--- SOURCE MATERIAL ---
Segment Open

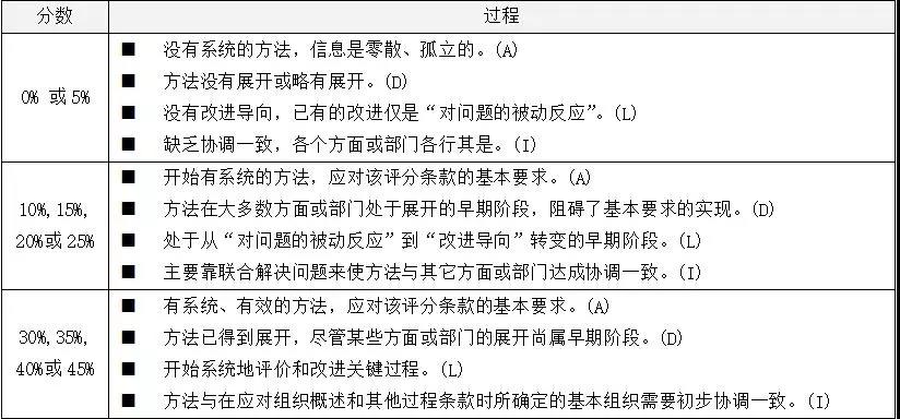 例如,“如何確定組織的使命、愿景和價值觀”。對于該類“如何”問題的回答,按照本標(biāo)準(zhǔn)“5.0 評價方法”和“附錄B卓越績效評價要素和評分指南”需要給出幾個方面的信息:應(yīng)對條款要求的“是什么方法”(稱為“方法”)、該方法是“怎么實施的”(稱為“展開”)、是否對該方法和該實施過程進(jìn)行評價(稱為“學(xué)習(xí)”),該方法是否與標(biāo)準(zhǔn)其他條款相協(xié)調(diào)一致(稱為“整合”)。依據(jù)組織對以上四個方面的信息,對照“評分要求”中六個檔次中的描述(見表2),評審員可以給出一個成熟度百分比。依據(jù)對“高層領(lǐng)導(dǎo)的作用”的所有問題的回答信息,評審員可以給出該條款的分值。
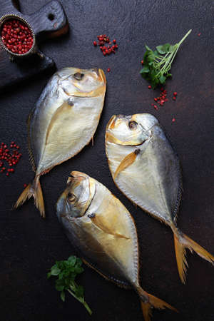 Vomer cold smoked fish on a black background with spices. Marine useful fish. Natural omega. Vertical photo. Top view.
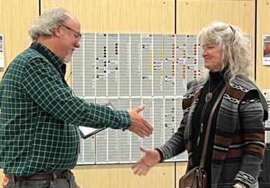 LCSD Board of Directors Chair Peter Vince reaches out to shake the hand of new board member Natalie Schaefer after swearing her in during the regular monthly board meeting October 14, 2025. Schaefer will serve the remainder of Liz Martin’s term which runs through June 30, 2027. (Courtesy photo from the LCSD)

Segment Closed
Segment Open

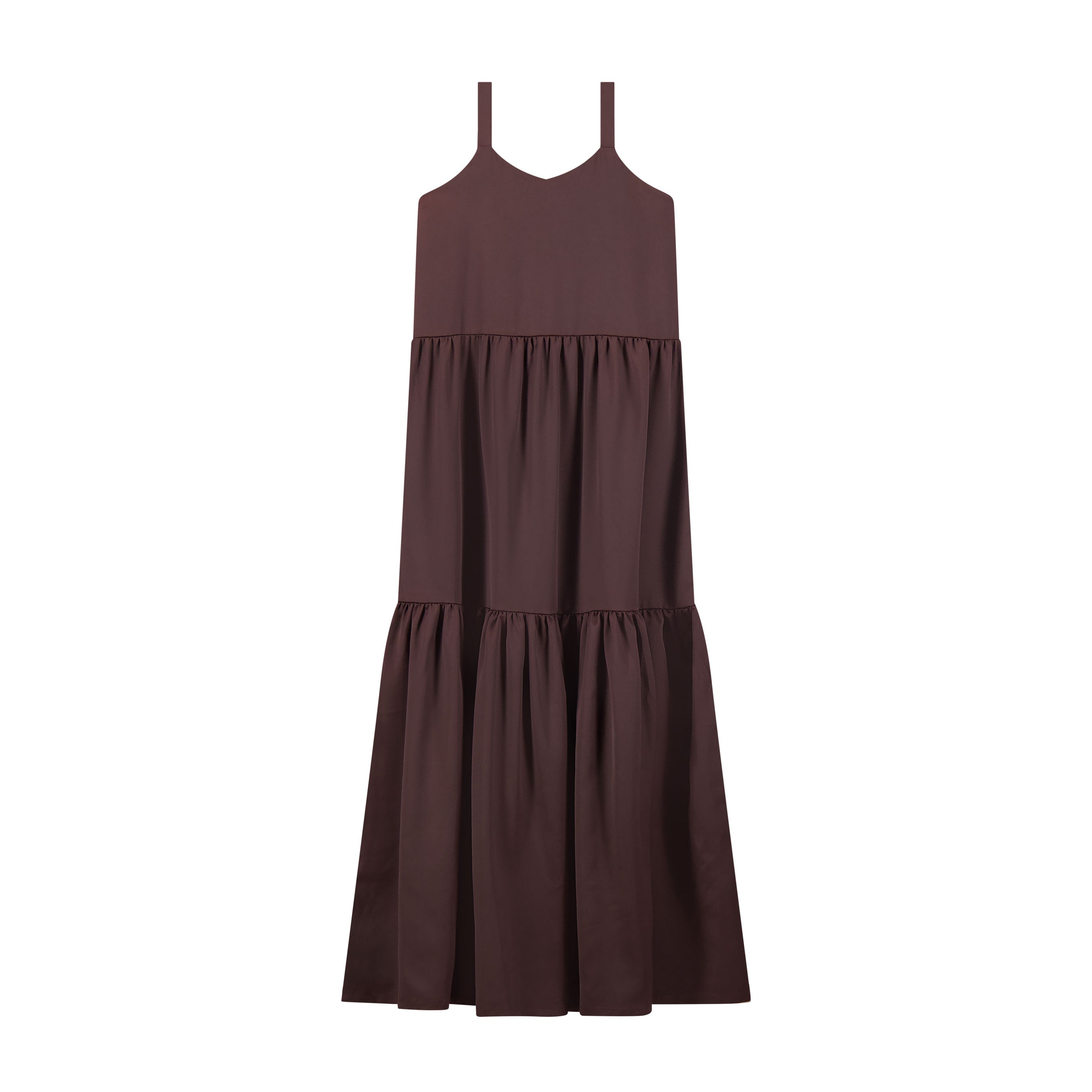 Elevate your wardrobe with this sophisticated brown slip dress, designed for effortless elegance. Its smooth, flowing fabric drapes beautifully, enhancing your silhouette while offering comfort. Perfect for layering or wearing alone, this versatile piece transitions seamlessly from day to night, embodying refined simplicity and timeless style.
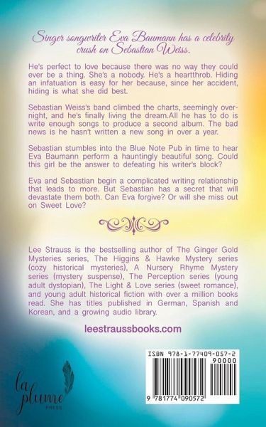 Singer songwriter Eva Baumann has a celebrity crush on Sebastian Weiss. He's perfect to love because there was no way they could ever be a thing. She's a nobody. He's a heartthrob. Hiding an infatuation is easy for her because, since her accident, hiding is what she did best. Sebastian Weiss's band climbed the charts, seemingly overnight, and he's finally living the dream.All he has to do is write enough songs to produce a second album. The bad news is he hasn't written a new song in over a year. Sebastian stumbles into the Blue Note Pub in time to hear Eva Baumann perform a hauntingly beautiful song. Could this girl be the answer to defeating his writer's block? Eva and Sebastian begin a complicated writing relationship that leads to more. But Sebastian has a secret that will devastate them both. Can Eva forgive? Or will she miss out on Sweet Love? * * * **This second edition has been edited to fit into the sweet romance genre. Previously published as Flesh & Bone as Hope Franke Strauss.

Segment Closed

--- GOAL OF THE EXERCISE ---
Exactly the lines above from the one that contains "Vomer cold smoked" down to the one that contains "LCSD Board of" are to be output, both ends kept and pictures omitted.

--- THE COMPLETED TASK ---
 Vomer cold smoked fish on a black background with spices. Marine useful fish. Natural omega. Vertical photo. Top view.
 LCSD Board of Directors Chair Peter Vince reaches out to shake the hand of new board member Natalie Schaefer after swearing her in during the regular monthly board meeting October 14, 2025. Schaefer will serve the remainder of Liz Martin’s term which runs through June 30, 2027. (Courtesy photo from the LCSD)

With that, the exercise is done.